- Born: 1976 (age 49–50) Hong Kong
- Education: University of New South Wales
- Occupation: Executive

= John Ho =

Australian businessman

John Ho (born 1976) is an Australian business executive. Chief Industrialist Investor of Janchor Partners Limited.

==Early life and education==
Born in Hong Kong, Ho migrated to Australia with his parents at age 12, completing his secondary education at James Ruse Agricultural High School in Carlingford, NSW. Ho attended the University of New South Wales, and holds a Bachelor of Science in mathematics and a Bachelor of Commerce in finance (First Class Honours and University Medal). Ho also served as an associate lecturer in the School of Banking and Finance at UNSW from 1998 to 2000.

==Career==
After graduating from UNSW, Ho joined Boston Consulting Group as a consultant in 2000, initially in Sydney, before relocating to the firm's Chicago office. In 2003, Ho joined Citadel as a senior analyst, before relocating in 2004 to Hong Kong.

From 2004 to 2009, Ho served as director and head of Asia investing for The Children's Investment Fund, and from 2005 to 2009 as non-executive director of Link REIT.

In 2009, Ho founded global equity manager Janchor Partners. Janchor Partners, with over US$5 billion invested in the Asia-Pacific region, is a long-term industrialist investor in companies with fundamental long-term value creation potential. Janchor Partners, an early backer of Chinese online marketplace Alibaba, has owned a number of healthcare companies in Australia including Medibank Private, as well as interests in freight group Aurizon, and document management company Iron Mountain. Janchor Partners was a lead investor in Chinese TechFin company Ant Financial's $14 billion funding round in June 2018.

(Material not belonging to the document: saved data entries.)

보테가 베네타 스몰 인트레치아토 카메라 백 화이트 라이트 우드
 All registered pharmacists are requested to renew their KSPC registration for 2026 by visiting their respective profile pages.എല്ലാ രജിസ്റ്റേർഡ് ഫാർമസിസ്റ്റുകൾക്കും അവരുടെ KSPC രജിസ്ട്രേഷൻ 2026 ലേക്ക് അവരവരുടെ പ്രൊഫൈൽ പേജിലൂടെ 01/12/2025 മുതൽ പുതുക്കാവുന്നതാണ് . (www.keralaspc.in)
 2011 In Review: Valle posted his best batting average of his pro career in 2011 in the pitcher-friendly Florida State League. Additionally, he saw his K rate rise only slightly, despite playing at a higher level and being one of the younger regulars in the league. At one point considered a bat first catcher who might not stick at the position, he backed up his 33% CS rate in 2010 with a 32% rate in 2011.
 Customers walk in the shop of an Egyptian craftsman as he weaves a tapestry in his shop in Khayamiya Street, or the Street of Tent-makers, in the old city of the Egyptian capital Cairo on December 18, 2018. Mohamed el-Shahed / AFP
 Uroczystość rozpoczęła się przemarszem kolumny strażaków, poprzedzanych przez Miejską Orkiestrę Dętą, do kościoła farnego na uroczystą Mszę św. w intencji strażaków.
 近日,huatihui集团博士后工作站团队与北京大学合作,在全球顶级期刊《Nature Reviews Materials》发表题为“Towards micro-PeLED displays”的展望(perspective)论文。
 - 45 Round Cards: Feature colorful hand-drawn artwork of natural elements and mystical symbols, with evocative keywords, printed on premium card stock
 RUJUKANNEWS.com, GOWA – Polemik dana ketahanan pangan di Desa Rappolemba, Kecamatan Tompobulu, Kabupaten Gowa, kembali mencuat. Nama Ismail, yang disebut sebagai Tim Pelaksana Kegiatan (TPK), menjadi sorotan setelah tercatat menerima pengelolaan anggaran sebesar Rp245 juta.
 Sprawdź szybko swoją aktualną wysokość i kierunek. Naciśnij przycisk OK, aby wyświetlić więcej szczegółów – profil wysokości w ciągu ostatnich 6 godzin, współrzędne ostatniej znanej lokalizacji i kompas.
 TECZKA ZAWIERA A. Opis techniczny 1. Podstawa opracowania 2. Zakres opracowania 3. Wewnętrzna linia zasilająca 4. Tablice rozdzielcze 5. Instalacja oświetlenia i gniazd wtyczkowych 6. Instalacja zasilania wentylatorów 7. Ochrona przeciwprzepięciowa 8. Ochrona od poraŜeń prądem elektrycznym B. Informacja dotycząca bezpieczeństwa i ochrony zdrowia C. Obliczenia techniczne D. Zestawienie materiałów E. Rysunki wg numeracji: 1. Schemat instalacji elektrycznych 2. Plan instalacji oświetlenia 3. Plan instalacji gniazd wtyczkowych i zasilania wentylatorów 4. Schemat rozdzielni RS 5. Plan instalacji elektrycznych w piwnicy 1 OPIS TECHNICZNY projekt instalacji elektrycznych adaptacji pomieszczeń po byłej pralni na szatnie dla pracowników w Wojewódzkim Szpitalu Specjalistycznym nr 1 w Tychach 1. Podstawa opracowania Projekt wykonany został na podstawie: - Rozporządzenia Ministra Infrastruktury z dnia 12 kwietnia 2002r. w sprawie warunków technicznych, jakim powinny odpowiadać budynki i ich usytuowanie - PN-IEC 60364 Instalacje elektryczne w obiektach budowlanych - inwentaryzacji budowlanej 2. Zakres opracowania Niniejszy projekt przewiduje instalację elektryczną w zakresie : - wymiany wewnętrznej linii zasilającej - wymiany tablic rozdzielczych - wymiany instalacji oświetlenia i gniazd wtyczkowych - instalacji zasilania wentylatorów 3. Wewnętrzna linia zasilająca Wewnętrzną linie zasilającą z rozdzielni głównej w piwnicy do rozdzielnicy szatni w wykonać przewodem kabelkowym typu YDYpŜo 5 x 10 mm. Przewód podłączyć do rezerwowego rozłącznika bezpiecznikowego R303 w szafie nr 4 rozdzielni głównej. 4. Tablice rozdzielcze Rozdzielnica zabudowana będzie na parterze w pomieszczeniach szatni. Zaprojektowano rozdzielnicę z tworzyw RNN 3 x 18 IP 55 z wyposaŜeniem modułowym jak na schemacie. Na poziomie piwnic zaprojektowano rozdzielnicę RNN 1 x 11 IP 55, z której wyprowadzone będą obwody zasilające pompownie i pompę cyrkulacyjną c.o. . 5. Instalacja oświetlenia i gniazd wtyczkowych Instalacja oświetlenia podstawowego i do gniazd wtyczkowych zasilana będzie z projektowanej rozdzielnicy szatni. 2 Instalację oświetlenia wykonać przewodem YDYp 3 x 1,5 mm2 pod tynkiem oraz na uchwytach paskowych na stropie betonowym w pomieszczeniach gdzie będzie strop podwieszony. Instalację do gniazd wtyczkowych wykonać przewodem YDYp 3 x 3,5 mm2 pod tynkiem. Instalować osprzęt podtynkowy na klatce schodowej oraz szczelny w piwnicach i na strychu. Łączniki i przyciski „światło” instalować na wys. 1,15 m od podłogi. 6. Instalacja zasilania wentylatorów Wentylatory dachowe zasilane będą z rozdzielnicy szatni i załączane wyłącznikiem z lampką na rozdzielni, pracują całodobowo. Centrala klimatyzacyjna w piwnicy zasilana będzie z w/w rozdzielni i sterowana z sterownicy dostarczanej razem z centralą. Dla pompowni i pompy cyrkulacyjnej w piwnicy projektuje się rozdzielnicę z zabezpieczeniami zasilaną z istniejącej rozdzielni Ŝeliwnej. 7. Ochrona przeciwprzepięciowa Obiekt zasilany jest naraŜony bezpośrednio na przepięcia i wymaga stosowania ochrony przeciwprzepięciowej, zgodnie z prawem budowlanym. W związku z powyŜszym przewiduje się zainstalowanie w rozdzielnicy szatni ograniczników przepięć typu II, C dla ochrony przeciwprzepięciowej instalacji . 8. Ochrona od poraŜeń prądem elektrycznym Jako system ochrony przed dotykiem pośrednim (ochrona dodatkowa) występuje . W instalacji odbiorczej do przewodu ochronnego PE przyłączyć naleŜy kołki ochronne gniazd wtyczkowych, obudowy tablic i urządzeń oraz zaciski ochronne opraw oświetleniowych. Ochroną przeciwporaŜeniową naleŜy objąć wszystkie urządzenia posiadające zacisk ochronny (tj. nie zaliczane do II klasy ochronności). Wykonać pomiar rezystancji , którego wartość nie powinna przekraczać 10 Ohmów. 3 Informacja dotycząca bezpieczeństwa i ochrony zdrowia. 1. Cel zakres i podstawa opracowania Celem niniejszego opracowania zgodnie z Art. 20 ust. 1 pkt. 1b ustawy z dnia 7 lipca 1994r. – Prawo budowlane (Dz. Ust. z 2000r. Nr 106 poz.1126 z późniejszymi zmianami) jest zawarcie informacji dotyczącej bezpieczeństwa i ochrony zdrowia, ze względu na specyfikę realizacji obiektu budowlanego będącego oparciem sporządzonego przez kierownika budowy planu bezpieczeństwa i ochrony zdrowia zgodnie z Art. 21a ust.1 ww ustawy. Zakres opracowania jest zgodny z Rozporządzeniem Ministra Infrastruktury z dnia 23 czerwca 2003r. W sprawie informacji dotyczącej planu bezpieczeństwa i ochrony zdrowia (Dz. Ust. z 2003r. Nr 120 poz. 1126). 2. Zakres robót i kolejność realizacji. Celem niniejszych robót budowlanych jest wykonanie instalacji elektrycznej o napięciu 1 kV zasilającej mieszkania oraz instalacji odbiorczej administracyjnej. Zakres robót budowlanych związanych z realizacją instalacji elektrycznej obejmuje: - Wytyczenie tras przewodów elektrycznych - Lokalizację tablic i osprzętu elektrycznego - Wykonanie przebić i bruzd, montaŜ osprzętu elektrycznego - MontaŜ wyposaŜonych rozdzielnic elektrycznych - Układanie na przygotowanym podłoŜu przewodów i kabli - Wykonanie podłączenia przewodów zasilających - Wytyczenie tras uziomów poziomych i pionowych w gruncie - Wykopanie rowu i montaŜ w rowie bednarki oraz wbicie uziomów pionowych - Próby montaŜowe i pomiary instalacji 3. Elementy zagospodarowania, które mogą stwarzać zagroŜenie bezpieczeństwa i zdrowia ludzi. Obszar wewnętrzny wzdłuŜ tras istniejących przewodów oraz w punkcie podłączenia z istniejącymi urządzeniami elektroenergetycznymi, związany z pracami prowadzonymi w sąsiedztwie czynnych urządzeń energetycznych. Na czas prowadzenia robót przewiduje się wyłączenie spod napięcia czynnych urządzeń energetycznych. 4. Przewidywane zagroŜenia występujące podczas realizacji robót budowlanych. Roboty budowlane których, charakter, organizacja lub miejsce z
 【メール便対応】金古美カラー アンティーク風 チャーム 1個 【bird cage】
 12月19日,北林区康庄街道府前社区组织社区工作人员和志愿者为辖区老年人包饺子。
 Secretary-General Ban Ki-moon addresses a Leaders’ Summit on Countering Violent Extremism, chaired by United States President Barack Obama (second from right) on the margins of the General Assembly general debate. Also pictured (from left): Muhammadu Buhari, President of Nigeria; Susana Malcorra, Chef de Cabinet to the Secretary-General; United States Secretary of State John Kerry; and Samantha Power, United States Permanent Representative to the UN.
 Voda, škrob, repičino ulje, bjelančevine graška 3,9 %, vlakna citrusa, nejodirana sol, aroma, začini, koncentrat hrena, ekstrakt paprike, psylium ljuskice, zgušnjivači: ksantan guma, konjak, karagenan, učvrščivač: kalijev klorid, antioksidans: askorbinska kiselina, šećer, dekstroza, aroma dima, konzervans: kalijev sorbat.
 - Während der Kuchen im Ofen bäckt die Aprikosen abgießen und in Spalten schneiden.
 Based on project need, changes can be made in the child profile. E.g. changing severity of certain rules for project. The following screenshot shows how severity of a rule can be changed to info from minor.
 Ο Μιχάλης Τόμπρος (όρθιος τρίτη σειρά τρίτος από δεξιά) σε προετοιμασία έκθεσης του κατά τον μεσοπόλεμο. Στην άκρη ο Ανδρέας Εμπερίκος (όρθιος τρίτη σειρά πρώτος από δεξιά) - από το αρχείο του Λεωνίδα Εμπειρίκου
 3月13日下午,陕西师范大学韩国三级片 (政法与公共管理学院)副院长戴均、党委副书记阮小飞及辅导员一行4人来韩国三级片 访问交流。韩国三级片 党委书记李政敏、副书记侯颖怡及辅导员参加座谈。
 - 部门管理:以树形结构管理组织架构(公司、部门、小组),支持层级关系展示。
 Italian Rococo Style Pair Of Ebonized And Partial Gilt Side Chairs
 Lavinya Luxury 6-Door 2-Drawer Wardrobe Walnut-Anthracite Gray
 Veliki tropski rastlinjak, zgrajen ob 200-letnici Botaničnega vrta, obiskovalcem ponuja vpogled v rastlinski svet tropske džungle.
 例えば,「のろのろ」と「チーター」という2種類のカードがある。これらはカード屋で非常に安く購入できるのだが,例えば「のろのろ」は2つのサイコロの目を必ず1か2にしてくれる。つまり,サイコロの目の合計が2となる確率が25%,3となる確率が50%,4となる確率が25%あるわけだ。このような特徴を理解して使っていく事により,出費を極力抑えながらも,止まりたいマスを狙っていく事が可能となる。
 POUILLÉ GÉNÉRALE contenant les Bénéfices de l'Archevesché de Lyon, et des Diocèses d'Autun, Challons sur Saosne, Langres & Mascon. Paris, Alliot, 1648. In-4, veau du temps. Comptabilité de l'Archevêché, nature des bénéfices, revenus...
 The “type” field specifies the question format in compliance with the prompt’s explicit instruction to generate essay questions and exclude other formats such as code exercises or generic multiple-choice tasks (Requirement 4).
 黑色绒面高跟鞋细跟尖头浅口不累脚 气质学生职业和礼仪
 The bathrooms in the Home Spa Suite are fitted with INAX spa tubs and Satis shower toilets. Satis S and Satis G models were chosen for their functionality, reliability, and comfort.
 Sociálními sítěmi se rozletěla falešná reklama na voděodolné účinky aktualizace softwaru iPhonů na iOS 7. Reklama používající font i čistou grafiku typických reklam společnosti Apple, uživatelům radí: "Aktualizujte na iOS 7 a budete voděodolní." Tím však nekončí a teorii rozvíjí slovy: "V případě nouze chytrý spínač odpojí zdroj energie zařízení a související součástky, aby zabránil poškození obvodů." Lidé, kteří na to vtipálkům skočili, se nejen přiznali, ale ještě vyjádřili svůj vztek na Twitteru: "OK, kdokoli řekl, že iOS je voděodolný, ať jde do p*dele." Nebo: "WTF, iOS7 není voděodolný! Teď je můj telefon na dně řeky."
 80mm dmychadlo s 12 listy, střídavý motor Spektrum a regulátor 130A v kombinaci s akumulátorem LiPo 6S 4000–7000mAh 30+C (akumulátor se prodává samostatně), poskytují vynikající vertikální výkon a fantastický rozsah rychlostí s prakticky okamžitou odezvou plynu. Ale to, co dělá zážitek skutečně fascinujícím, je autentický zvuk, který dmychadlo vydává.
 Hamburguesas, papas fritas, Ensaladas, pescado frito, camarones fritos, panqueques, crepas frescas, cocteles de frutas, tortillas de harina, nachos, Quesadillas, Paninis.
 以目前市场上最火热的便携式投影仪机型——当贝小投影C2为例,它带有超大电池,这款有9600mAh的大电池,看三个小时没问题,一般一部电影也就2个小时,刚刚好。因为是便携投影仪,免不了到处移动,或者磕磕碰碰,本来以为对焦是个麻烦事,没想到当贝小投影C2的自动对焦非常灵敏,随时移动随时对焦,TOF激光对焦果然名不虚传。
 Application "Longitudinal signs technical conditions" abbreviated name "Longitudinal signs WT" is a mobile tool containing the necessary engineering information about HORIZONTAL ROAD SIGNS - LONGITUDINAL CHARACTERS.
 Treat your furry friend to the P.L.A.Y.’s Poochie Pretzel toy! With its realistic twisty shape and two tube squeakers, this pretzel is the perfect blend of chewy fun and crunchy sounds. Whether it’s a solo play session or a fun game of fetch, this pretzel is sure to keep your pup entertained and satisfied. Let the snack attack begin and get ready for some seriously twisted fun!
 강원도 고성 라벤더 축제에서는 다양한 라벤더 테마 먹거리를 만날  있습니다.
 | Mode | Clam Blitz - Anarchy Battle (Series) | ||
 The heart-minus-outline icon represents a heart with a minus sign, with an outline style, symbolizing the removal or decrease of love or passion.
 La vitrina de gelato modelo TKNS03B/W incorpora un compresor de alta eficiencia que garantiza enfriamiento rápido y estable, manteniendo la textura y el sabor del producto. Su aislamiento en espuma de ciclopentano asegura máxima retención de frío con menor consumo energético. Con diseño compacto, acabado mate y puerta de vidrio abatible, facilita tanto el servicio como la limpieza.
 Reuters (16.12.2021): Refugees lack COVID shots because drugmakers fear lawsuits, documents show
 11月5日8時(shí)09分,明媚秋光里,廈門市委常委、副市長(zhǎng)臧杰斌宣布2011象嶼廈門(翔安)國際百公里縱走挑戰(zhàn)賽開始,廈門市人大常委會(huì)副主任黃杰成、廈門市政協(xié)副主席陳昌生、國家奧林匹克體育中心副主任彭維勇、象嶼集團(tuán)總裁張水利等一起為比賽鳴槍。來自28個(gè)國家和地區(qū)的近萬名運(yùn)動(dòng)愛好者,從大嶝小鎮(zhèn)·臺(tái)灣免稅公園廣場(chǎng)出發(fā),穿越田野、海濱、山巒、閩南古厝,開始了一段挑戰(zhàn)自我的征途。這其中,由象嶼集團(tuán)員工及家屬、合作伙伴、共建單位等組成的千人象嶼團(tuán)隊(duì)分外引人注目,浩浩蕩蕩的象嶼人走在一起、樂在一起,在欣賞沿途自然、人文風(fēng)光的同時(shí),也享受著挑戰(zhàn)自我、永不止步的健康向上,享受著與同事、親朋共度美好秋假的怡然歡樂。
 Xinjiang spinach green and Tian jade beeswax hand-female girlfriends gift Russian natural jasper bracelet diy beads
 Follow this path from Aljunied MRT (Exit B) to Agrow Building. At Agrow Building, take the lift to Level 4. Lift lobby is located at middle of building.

From 2014 to 2019, Ho was appointed to the Hong Kong Stock Exchange Listing Committee, where he served as deputy chairman. He was also a committee member of the Securities and Futures Commission's Public Shareholders Group from 2015 to 2021. In 2014, Ho also joined the board of digital marketing firm Rokt as a non-executive director.

From 2017 to 2019, Ho was a non-executive director and chairman of Bellamy's Australia, in which Janchor Partners had a 7.7% interest in April 2017. The company was ultimately sold to Mengniu Dairy Group.

From 2018 to 2021, Ho sat on the board of Vocus Group as a non-executive director.

In July 2021, Ho joined the board of Avepoint, Inc., the largest independent software vendor of SaaS solutions to migrate, manage and protect data in Microsoft 365, as a non-executive director.

In March 2023, Ho joined the board of Incitec Pivot Limited, an industrial explosive and fertilizer company, as a non-executive director.